Finally, two highly relevant papers that we want to discuss are [
27,
41], as they utilize open-source datasets with weather information for specific locations (Jaipur and Teknaf) in contrast to large-scale global datasets. The authors of [
27] employed five deep learning techniques for weather prediction, evaluating the efficiency of the proposed algorithms using mean squared error, mean absolute error, and time complexity. Their findings indicate that DT models are the fastest but exhibit lower accuracy compared to GPR models. In contrast, the research presented in [
41] uses the most comprehensive set of parameters (eight) for estimating solar irradiance, including humidity, temperature, wind speed, air pressure, precipitation, insolation clearness index, and earth skin temperature. This study was selected because it predicts solar irradiance with high accuracy using a feed-forward backpropagation neural network, despite measuring eight parameters.
The objective of our research is to achieve the best possible accuracy in predicting weather parameters while minimizing the number of input parameters measured in specific areas. By leveraging advanced ML techniques and integrating data from diverse sources, our study aims to develop robust models that require fewer input variables without compromising predictive performance. This approach not only enhances the efficiency and practicality of weather prediction models but also facilitates their application in resource-constrained environments such as small-scale agricultural operations. Through this focused methodology, we aim to provide high-precision weather forecasts that can significantly benefit agricultural productivity and decision-making processes.
For the development of models for the four meteorological parameters and analysis purposes, we used 19 different regression model types, as listed in
Table 1. The models included a variety of machine-learning techniques: Linear Regression Models, regression trees, SVM, GPR models, and ensembles of trees. The model types listed in
Table 1 are all available in the MATLAB regression application and generally present the most commonly used modeling technologies.
When applicable, a five-fold cross-validation method was employed to mitigate overfitting by partitioning the dataset into folds and estimating accuracy for each fold. The minimum leaf size for the models was set to four. Additionally, Principal Component Analysis was disabled, and surrogate decision splits were not utilized.

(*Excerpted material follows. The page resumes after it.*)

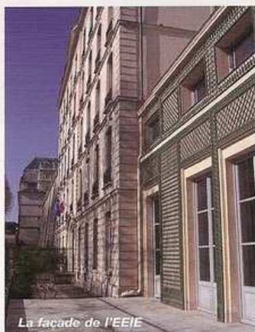
La façade de l'EEIE

Autre signe du développement de l'intelligence économique, le succès de l'EEIE (l'Ecole Européenne d'Intelligence Economique,

3. Test Setup and Database
This section outlines an experiment conducted as part of the project titled “An Ecosystem of Networked Devices and Services for IoT Solutions Applied in Agriculture”, which focuses on the continuous monitoring of agrometeorological and weather conditions. The experiment is critical for assessing the impact of drought on crop yields in the Republic of Croatia, where drought is the predominant cause of unprofitable yields of essential crops. Furthermore, the increasing frequency of droughts and recent climate change are expected to substantially affect the viability of strategically important crops in Croatia.
The experiment was carried out from 13 July 2022 to 29 September 2022, in the regions of Osijek and Tovarnik. It employed 18 commercial sensor nodes utilizing the Long-Range Wide Area Network (LoRaWAN) protocol to transmit data to the LORIOT server. Subsequently, these data were relayed to the university server’s database via a web socket. The devices were mounted on tripods to facilitate the real-time collection of meteorological data. The sensors used in this study included the METEOHELIX
® IoT PRO [
42], LoRaWAN Weather Station (WS100LRW/LW) [
43], and ELEVEN PARAMETER WEATHER STATION FOR LoRaWAN
® [
44]. Detailed technical specifications are provided in
Table 2. The locations of 15 sensor nodes employed in and around Osijek are shown in
Figure 1. The remaining three nodes are placed in Tovarnik, Croatia. The sensor locations were strategically chosen to cover rural, suburban, and urban areas, with a particular emphasis on urban areas due to the recent surge in urban agriculture. This focus on urban settings reflects the growing interest and expansion in urban farming practices. However, there were also technological constraints related to network connectivity (the distance from the communication tower) that influenced the placement of sensors. Ensuring reliable connectivity was essential for real-time data collection and monitoring, and this requirement sometimes limited the ability to deploy sensors in more remote rural locations. Despite these challenges, the deployment aimed to provide a comprehensive dataset that captures the diverse environmental conditions across different geographical contexts.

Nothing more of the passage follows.